GSOC2015_Progress_Emilio

Emilio Dorigatti edited this page Aug 17, 2015 · 20 revisions

Warmup Period (until 25th of May) Warm up tickets on GitHub, made an experimental date normalization module using the ANTLR4 bindings for Python and the provided grammar. We decided to abandon this approach and create our own regular expressions directly via Python.

First Week (25/5 - 31/5) Some ideas about the date normalizer, meeting at FBK with mentor Marco Fossati.

Second Week (1/6 - 7/6) First prototype of the date normalizer, reviewed crowd annotated gold standard.

Third Week (8/6 - 14/6) Exams!

Fourth and Fifht Weeks (15/6 - 28/6) Almost finished and tested the date normalizer as well as the code using it.

Fifth Week (29/6 - 5/7) Final refinements for the mid-term: successfully outputting reified triples and script for transforming the wikipedia dump in sentences about soccer.

Sixth Week (6/7 - 12/7) Refactoring and cleaning of the code base, experiments with the unsupervised classifier. As it turned out it is heavily dependent on the quality of the entities linked by the linker (for example stagione 2010-2011 was linked to Serie B) and on the mapping between frame elements and ontology types in dbpedia.

Seventh Week (13/7 - 19/7) Script to compute Fleiss's Kappa on the crowdflower results, slowly refactoring the code base

Eight Week (20/7 - 26/7) Holidays.

Ninth Week (27/7 - 2/8) Created rules to run the supervised classifier, thoughts about scoring triples' confidence and implementation of score for unsupervised classification using the entity linking score.

Tenth Week (3/8 - 9/8) Scoring supervised classification facts and serializing triples' score in a separated dataset, heavy refactoring of the classifier.

Eleventh Week (10/8 - 16/8) Integrated the mappings to DBPO into the output triples, found some critical bugs which might be responsible for the low frame classification performances. Fixed the bugs and computed confusion matrix for the classifier. Performances are good, but not exceptional, perhaps due to some problems in how the training set was built wrt to the gold standard (i.e. some labels in the gold standard do not appear in the training set)

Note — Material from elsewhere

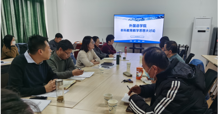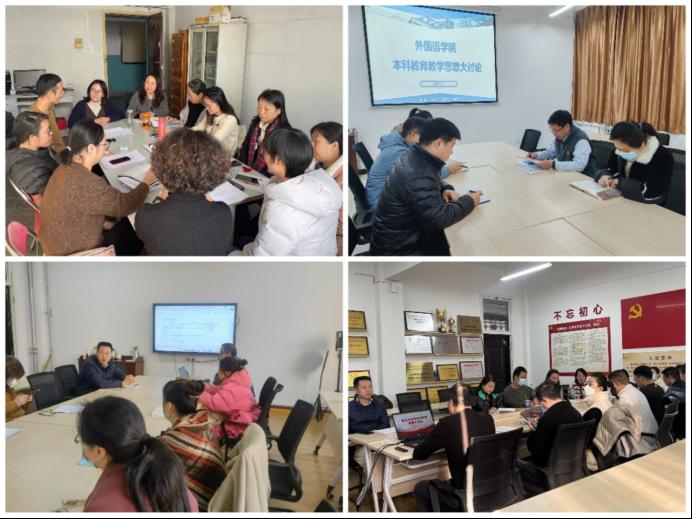 外國語學院黨政領導高度重視此次教育教學思想大討論工作,成立了外國語學院教育教學思想大討論領導小組,班子成員積極聯系各系(部)、辦公室,全程參與系(部)、辦公室開展的教育教學思想大討論。各系(部)、辦公室根據專業特點、課程特點、工作特點制定了詳細的計劃,全院教職工通過自主研學、集中研討、專題報告、案例宣傳、總結交流五個環節,促進思想碰撞,凝聚行動共識。

Twelfth Week (17/8 - 23/8) As we are using the 'C-SVC' flavour of libsvm I explored the classifier's performances as C varies taking values 0.001, 0.01, 0.1, 1, 10, 100 and 1000.

As for roles, the best performances are obtained using C values near 1 (0.1, 1, 10). Here, most roles keep good precision and recall (0.7 or higher) except for Agente, Premio and Perdente (but, curiously, not Vincitore). Perdente has low recalls (less than 0.25) with all values of C but 1, in which it has 0.45 while its precision is always stable at 0.8. Agente and Premio always have low (< 0.35) recall while their precision reach a peak at C = 10 (respectively 0.8 and 0.67 precision). The confusion matrix shows a lot of activity around these classes and Competizione and O (i.e. not tagged) which is understandable as they require some semantic understanding of the sentence. For example Competizione is often mistaken as Premio and, in fact, the distinction is not clear at all (think of Ha vinto la Champions League). Squadra, Agente Vincitore and Perdente are another example of classes which are frequently misunderstood by the classifier. The classifier tends to tag a significant amount of Competizione, Agente and O classes as Entità which is understandable considering the scarce and ambiguous training examples tagged as Entità (34 out of more than 55000 roles examples in almost 3000 sentences). Two distinct strips can be noticed in the row and column of the O role, representing missed tokens or tokens classified by mistake.

Frame classification is very stable with very high precision and recall (more than 0.8) for all classes but Stato, having a precision smaller than 0.4; it is often mistaken for Attività.